I used it to help me turn a cat exercise wheel (think huge hamster wheel) into a generator that produces enough power to charge a battery that powers an ESP32 powered "CYD" touchscreen LCD that also utilizes a hall effect sensor to monitor, log and display the RPMs and "speed" (given we know the wheel circumference) in real time as well as historically.
I didn't know anything about all this stuff before I started. I didn't AGI myself here. I used a learning tool.
But keep up with your schtick if that's what you want to do.
P.S. The real big deal is the democratization of oracles. Back in the day building an oracle was a megaproject accessible only to megacorps like Google. Today you can build one for nothing if you have a gaming GPU and use it for powering your kobold text adventure session.
Arguably, I'm getting somewhere.. ;)
So what? That's honestly amateur hour. And the LLM derived all of it from things that have been done and posted about a thousand times before.
You could have achieved the same thing with a few google searches 15 years ago (obviously not with ESP32, but other microcontrollers).
The whole point is that it is amateur hour and it's wildly effective as a learning tool.
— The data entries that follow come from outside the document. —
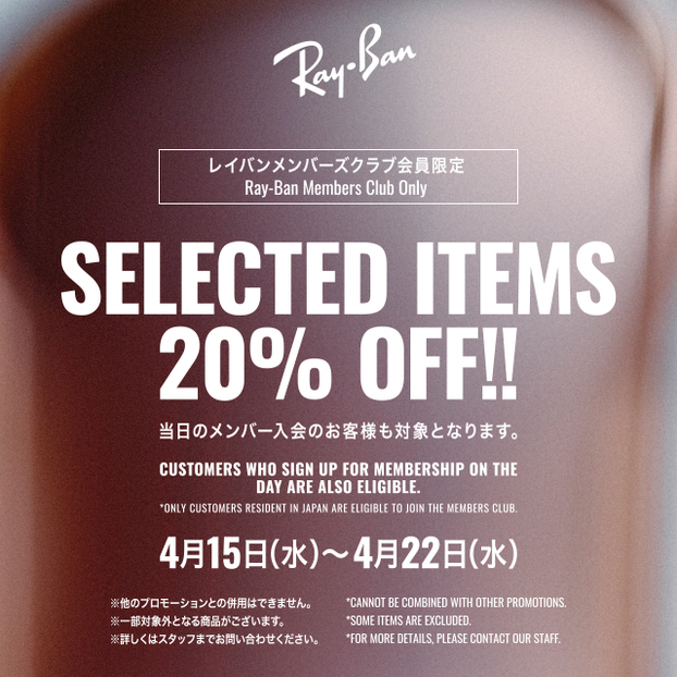 1937년에 탄생해, 최첨단의 디자인과 기능을 아울러 전세계의 사람들로부터 사랑받는 아이웨어 브랜드 「Ray-Ban」의 직영 스토어. Ray-Ban의 크리에이티브한 스피릿과 LIFE 스타일을 표현한 디자인.벽면에는 Kids 모델이나 직영점 한정 상품등을 포함한 안경 프레임과 선글라스 맞추어 550종 이상의 아이웨어를 준비하고 있습니다.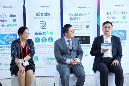 为持续促进脑卒中临床诊疗技术水平提升,本次大会,东软医疗与国家百万减残工程规范指导办公室主任、首都医科大学副校长吉训明团队联合发布eStroke国家溶栓取栓影像平台2.0,用实际行动助力国家百万减残工程建设。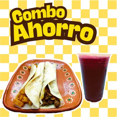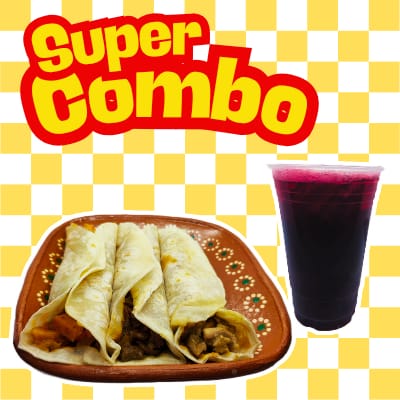 3 tacos de tortilla de harina más un agua fresca de medio litro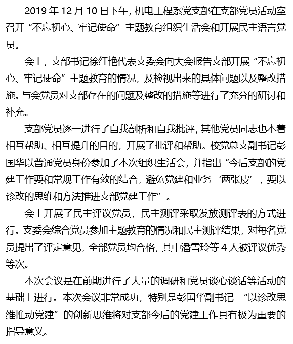 菠菜信誉平台集合网机电工程系党支部召开“不忘初心、牢记使命” 主题教育专题组织生活会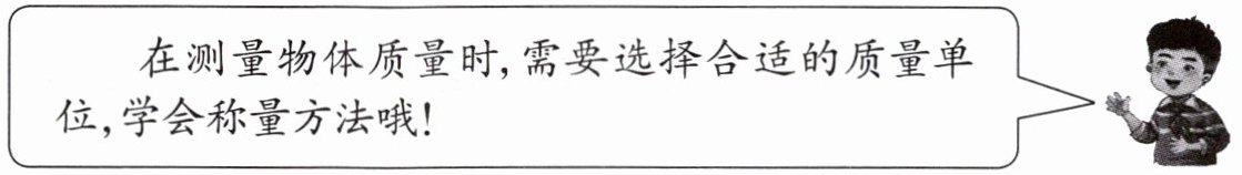 - 测量物体质量时常用的质量单位有哪些?你知道曹冲称象的原理吗?与同伴说一说。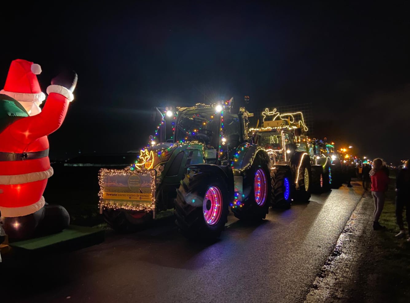 Het was een ware lichtjestocht: ruim 200 trekkers, versierd met kerstverlichting, reden zaterdag door de provincie Noord-Holland om voedselpakketten af te leveren bij mensen die een moeilijk jaar achter de rug hebben. De boeren in Noord-Holland bezorgen in totaal zo'n twintig pakketten. "Die pakketten zijn voor personen waarbij het dit jaar niet heeft meegezeten", vertelt Ad Baltus, een van de initiatiefnemers.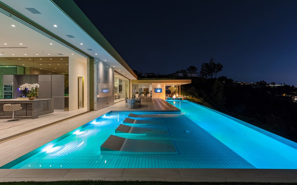 Dubbed The Opus, this masterpiece was designed by world-renowned architect, Paul McClean, and easily retains its legendary status on Billionaire’s Row. This outdoor-indoor oasis is over one acre with jaw-dropping views. It is located on Hillcrest Rd – the exquisite street-with-a-view that undoubtedly boasts Beverly Hills 90210 swagger at its very best.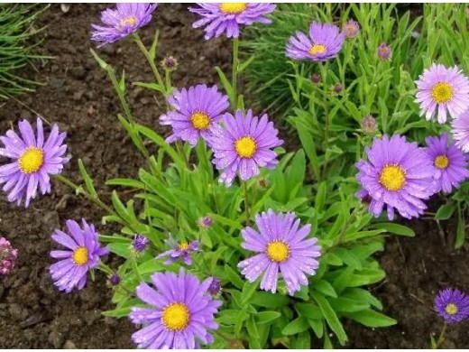 Астра альпийская "Dunkle Schone" Один из ранних сортов. Неприхотливый, цветущий многолетник. Используется для оформления бордюров, альпийских горок, миксбордеров.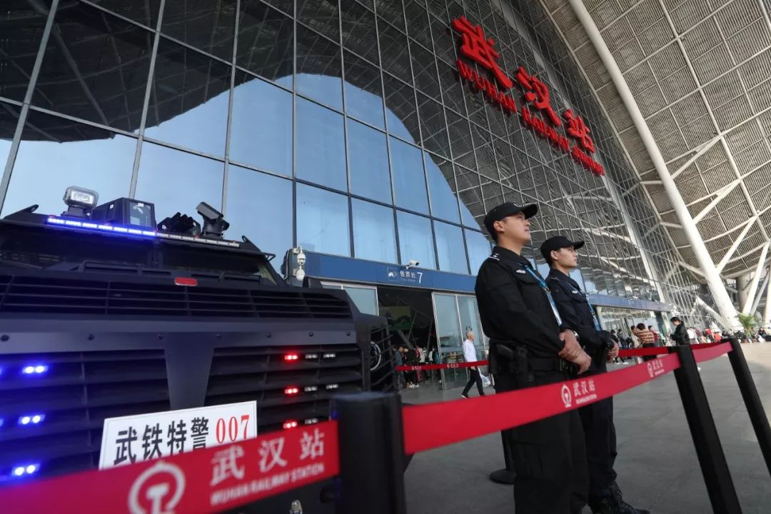特警支队护乘民警认真落实各项工作要求,确保列车安全运行。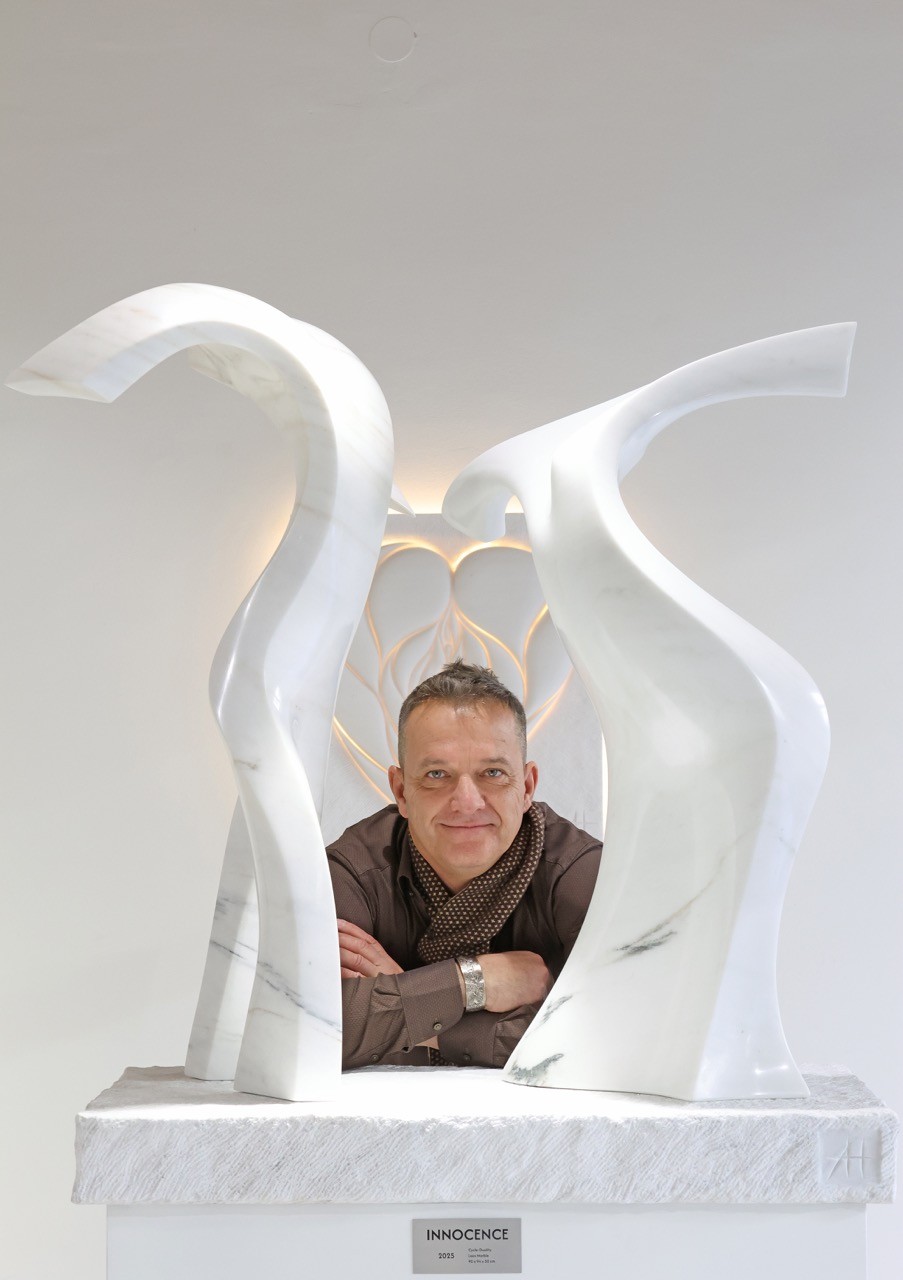 Alexander Hohla brings together the precision of a physicist and the intuition of an artist. His transition from experimental physics to sculpture is a story of reinvention, one that reflects a deep curiosity about structure, light, and material. After years working with lasers and studying the behavior of light, he turned to marble, a medium that allows him to explore form in a tangible, enduring way.

The fact it derived everything from things that have been done... yea, that's also the point? What point are you trying to make here? I'm well aware it's not a great tool if you're trying to use it to create novel things... but I'm not a nuclear physicist. I'm a builder, fixer, tinkerer who happens to make a living writing code. I use it to teach me how to do things, I use it to analyze problems and recommend approaches that I can then delve into myself.
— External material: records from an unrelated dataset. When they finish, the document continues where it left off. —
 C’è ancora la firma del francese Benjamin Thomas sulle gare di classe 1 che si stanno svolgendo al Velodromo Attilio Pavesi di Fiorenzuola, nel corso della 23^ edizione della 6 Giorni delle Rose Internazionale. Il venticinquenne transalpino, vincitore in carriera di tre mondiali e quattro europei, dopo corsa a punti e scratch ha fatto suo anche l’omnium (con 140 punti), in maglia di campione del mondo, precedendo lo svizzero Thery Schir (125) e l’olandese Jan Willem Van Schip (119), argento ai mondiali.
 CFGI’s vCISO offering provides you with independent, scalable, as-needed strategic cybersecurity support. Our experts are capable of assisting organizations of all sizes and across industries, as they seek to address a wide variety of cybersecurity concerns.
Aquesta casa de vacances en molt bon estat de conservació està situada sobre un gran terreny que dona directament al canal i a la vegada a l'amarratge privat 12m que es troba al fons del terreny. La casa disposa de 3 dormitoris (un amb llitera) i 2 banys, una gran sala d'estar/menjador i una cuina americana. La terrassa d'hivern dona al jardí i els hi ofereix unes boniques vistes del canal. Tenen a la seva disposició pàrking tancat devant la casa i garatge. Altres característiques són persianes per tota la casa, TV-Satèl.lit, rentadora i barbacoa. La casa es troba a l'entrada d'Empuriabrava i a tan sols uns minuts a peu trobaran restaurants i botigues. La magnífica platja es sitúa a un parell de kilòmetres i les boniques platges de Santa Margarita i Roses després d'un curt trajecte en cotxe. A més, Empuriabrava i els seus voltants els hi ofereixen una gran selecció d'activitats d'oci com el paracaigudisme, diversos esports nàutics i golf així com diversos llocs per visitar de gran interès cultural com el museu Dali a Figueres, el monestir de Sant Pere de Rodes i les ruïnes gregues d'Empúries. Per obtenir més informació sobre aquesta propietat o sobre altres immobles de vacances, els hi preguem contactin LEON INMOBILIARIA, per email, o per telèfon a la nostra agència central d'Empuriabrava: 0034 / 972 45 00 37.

I'm not asking it to fold proteins. (I guess that's been done quite a bit too, so would be amateur as well)
Obviously there is a just keep generating more tokens bias in software management, since so many developer metrics over the years do various lines of code style analysis on things.
But just as experience and managerial programs have over time developed to say this is a bad bias for ranking devs, it should be clear it is a bad bias for LLMs to have.
I wouldn't be surprised if over half my prompts start with "Why ...?", usually followed by "Nope, ... instead”
Maybe the occasional "Fuck that you idiot, throw the whole thing out"
Generative AI.
I always watch Opus work, and it is pretty good with "add code, re-read the module, realize some pre-existing code (either it wrote, or was already there) is no longer needed and delete it", even without my explicit prompts.
Are you using plan mode? I used to experience the do a poor approach and dig issue, but with planning that seems to have gone away?